How Good is Your Model? — Intro To Machine Learning #4

Published in

Simple AI

4 min readFeb 6, 2017

Hi, this is the Third Article on our journey about Machine Learning Algorithms, You can find here Part 1, Part 2, Part 3 (depending on your background that might not be required for reading this article).

In this post I’m going to show you two simple ways you can use to evaluate your machine learning model.

Agenda:

Why model evaluation?
Problems with training and testing on the same data
Train / test Split Method
Cross validation method
Comparing cross-validation to train/test split

Why Model Evaluation

Whenever you have problem and you want to solve it using machine learning, one thing you will have to ask yourself after choosing your machine learning model is: how good or bad is your model? The reason for that is to know how it will perform when used to make predictions on unseen data.

Problems with Training and Testing on the same Data

Goal is to estimate likely performance of a model on out-of-sample data, But, maximizing training accuracy rewards overly complex models that won’t necessarily generalize, Unnecessarily complex models overfit (also called over-learning) the training data, overfiting happens when the model learn specific details in noise data.

Lets take the image above as an example, the lines represent decision boundaries, the lines separate the positive examples (red) from negative examples (blue).

The green line is likely to perform poorly on out-of-sample data (unseen data) because it learns that noise data points while the black while can be considered the best as it doesn't follow noise data points which is good to generalize the training data.
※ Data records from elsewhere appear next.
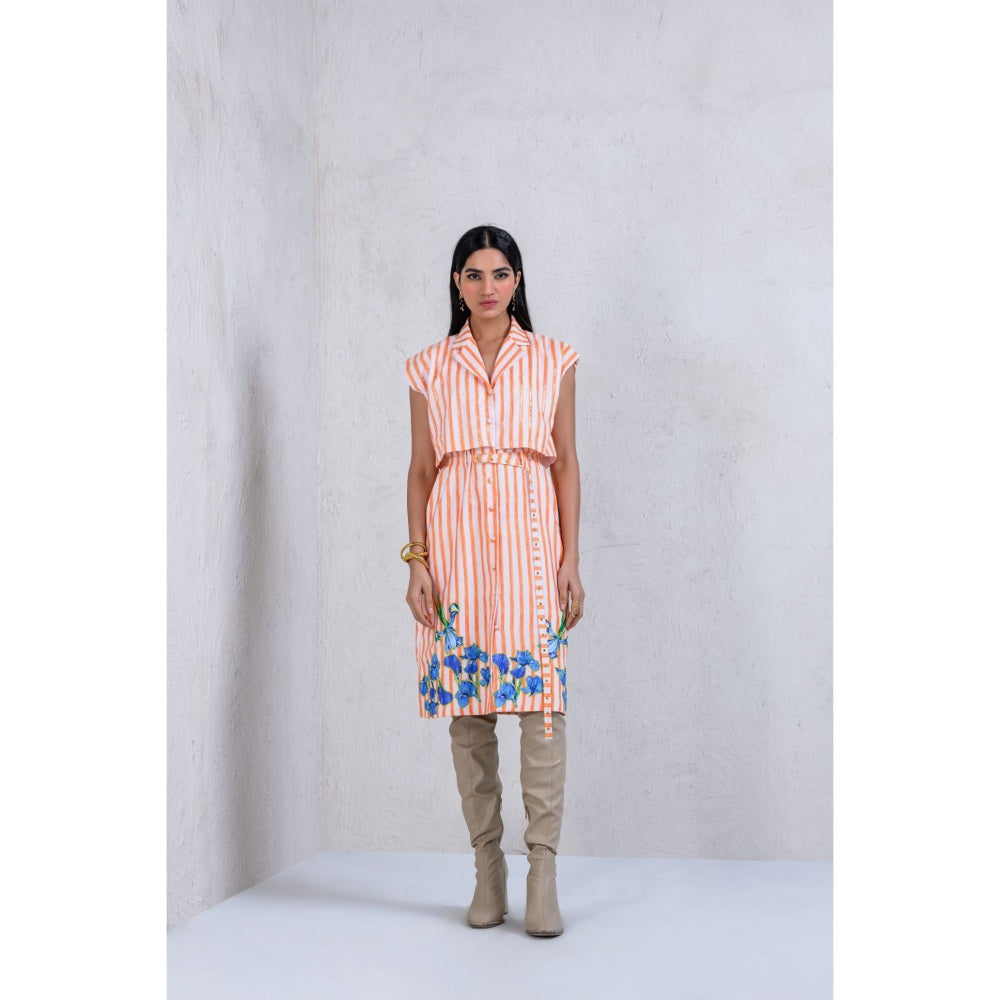 Description : Experience Bold Stripes With Bold Contrast Floral Patches With This Trench Dress. The Stripes Are Further Taken Up By A Notch With Sequin Highlights. The Button Down Trench Dress Accented With Golden Buckle & Golden Eyelets Makes It An Absolute Stunner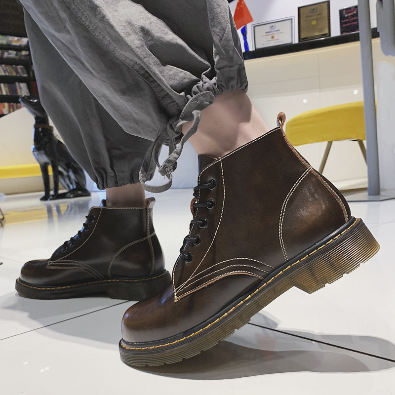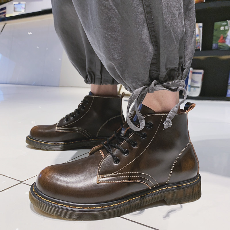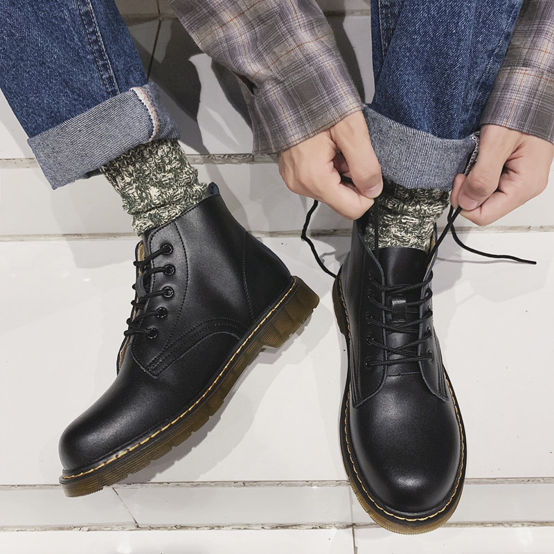 Black Martin Boots Man Genuine Leather High Cylinder Leather Shoes men's Han version 100 lap Inn wind middle cylinder tooling boots male wave shoes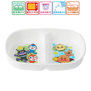 ●仕切りがあるためご飯が混ざらず、便利なお皿●アンパンマンのキャラクターが描かれており、子どもが楽しくお食事できる●裏面にはソフト素材を使用しており、テーブルの上で動きにくく音もおさえる●電子レンジ、食洗機...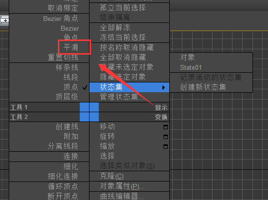 4、選擇線命令,在前視圖里繪制一條曲線,然后在修改里選擇點層級,選擇所有的點單擊鼠標(biāo)右鍵在彈出的右鍵菜單里找到平滑選項,如圖所示: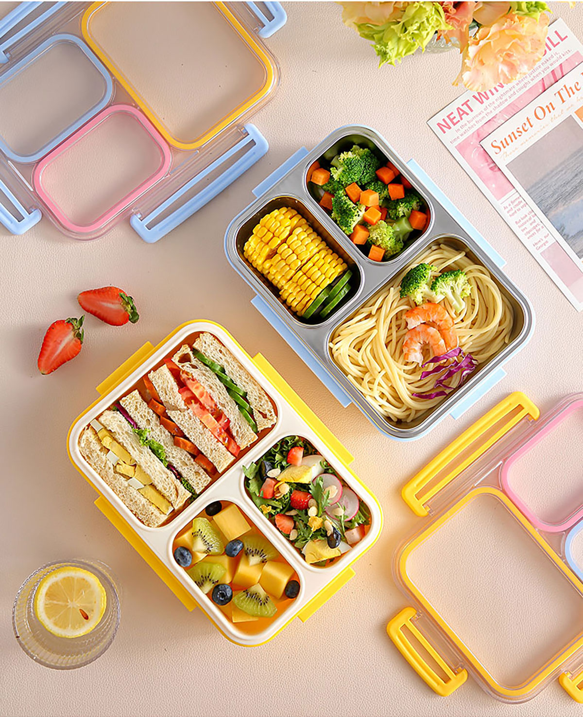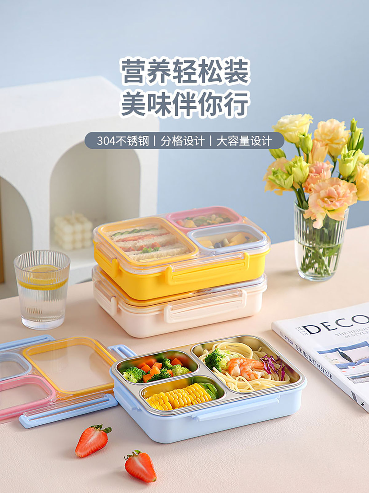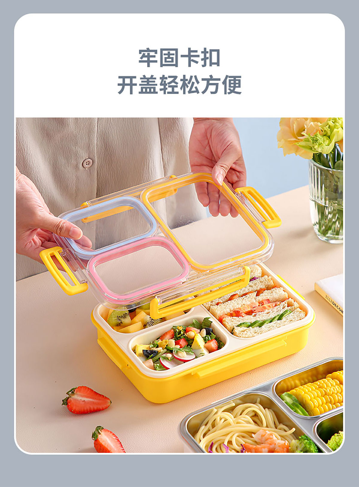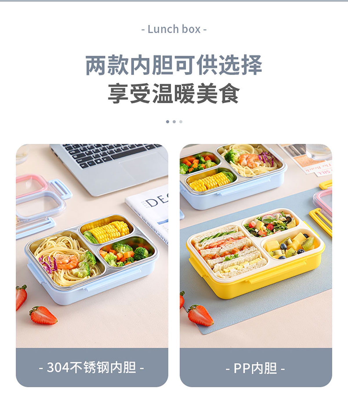 防串味三格不銹鋼飯盒820ml/PP款飯盒800ml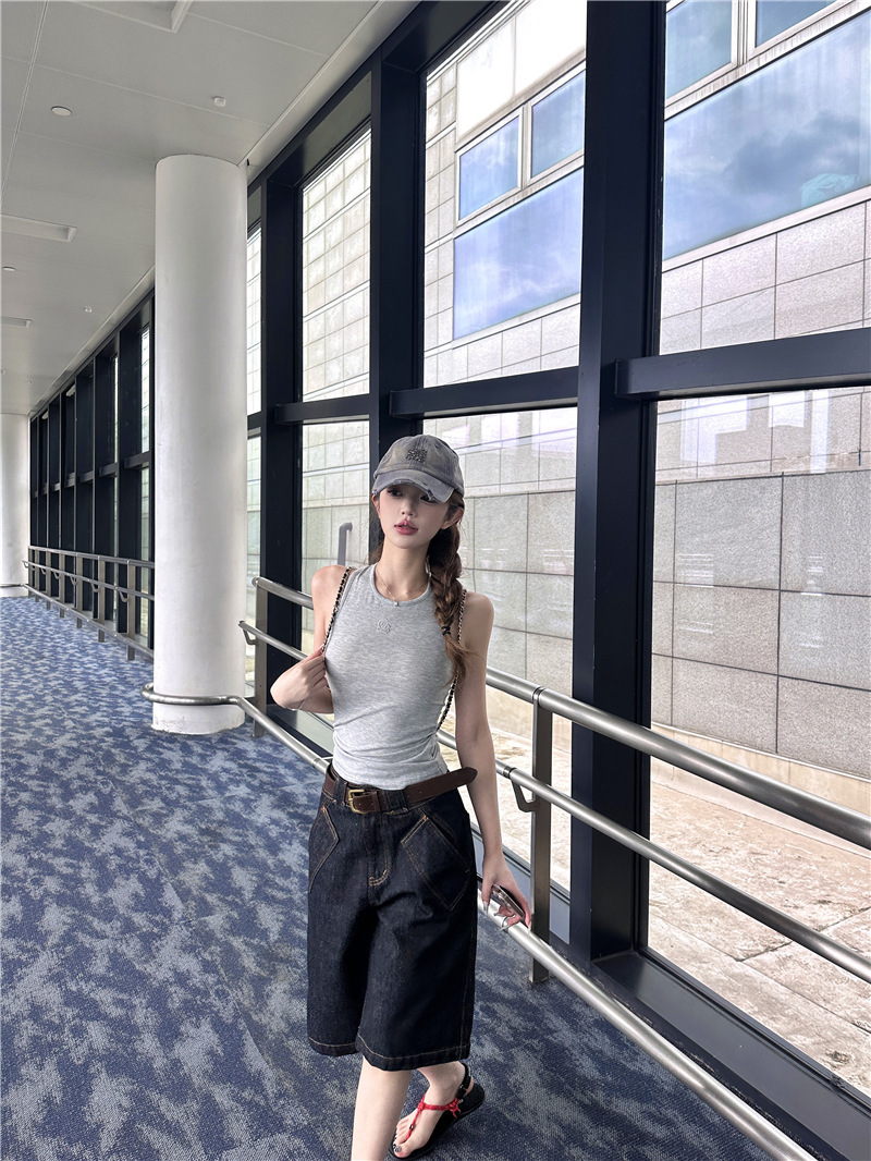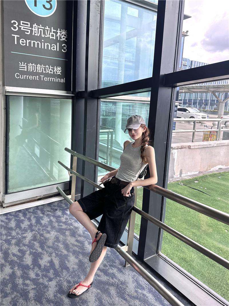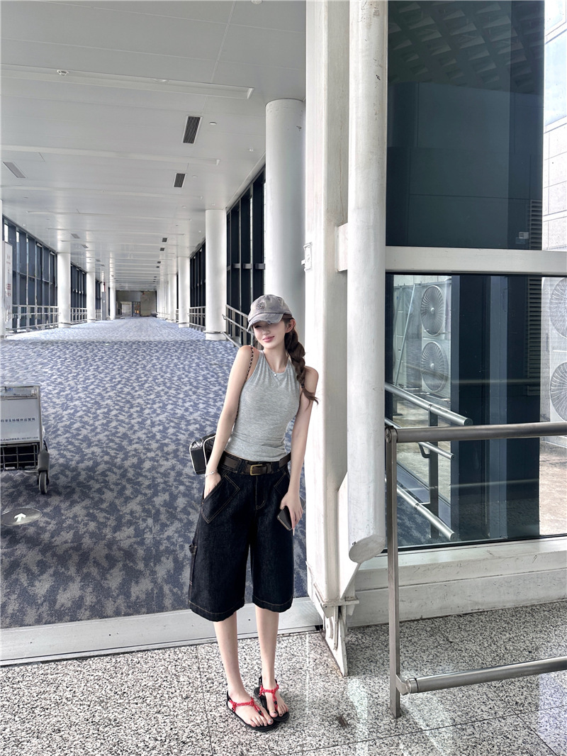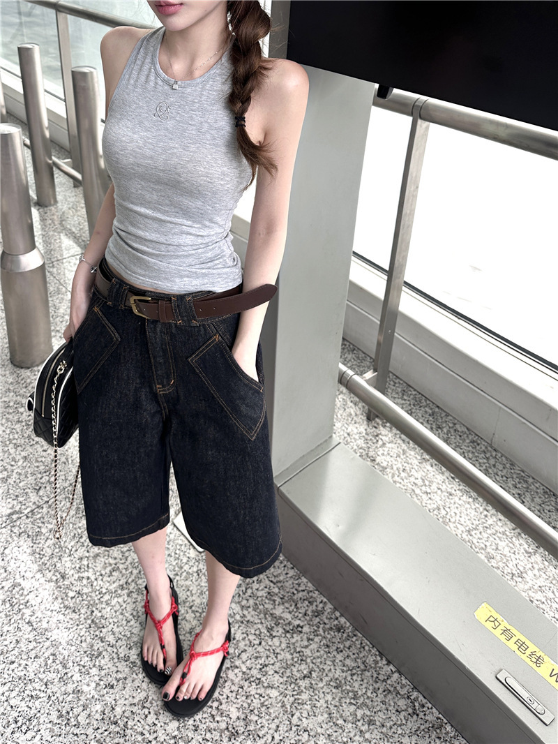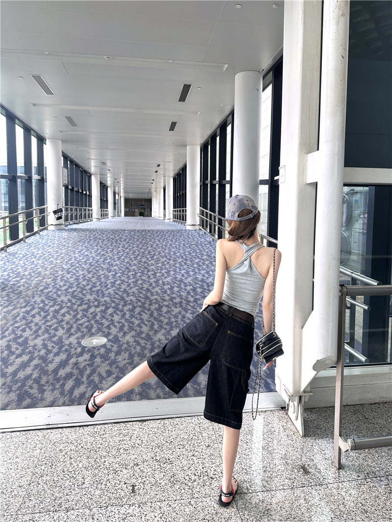 高腰大口袋 五分褲
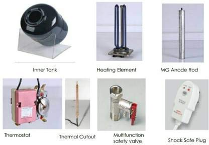 - Includes: 1 N storage electric water heater , 1 N user manual , 1 N multi-function safety valve , 2 N fasteners & 2 N flexi pipes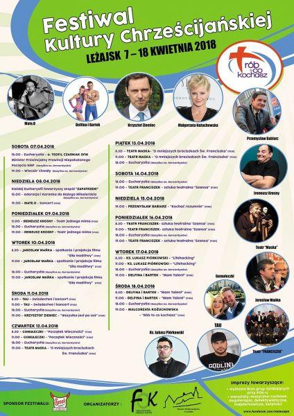 W dniach 7-18 kwietnia br. zapraszamy do Leżajska na Festiwal Kultury Chrześcijańskiej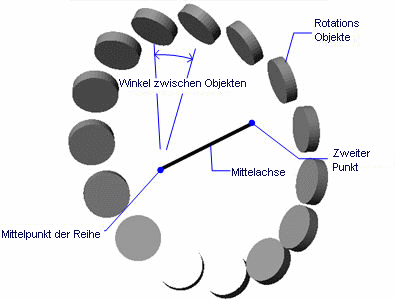 Mittelpunkt der Reihe: Wählen Sie einen Punkt, oder geben Sie die x,y,z Koordinaten ein.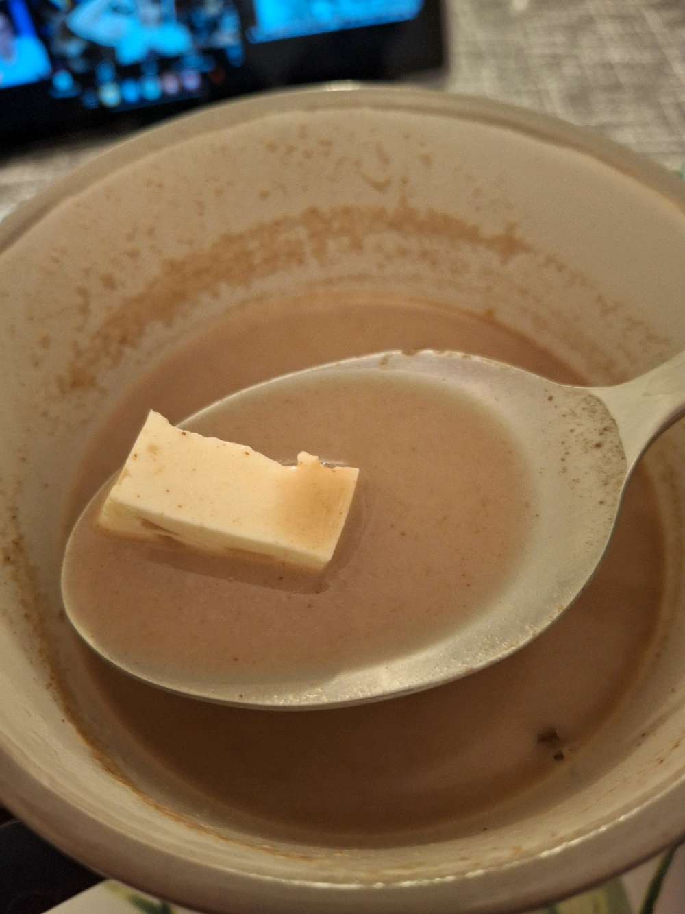 I had some cheese left, and figure I'll make some hot chocolate and eat it with it, I also baked some corn bread filled with guava sweet? mermelade? (bocadillo)

Overfiting is a big deal in machine learning and it can be a bit difficult to understand at first but you will get it.

Evaluation Methods

Evaluation procedure (1): Train/test split

Split the dataset into two pieces: a training set and a testing set.
Train the model on the training set.
Test the model on the testing set, and evaluate how well we did.

sklearn train/test procedure

Evaluation procedure (2): K-fold cross-validation

Split the dataset into K equal partitions (or “folds”).
Use fold 1 as the testing set and the union of the other folds as the training set.
Calculate testing accuracy.
Repeat steps 2 and 3 K times, using a different fold as the testing set each time.
Use the average testing accuracy as the estimate of out-of-sample accuracy.

sklearn KFold

Comparing Cross-validation To Train/Test Split

Advantages of cross-validation:

More accurate estimate of out-of-sample accuracy
More “efficient” use of data (every observation is used for both training and testing)

Advantages of train/test split:

Runs K times faster than K-fold cross-validation
Simpler to examine the detailed results of the testing process

Which One Is the Best?

I guess you know the answer for that by now, The Best Method? It depends on your dataset and the computational resources available to you, on large datasets cross validation is computationally expensive to run (trust me, it can be boring).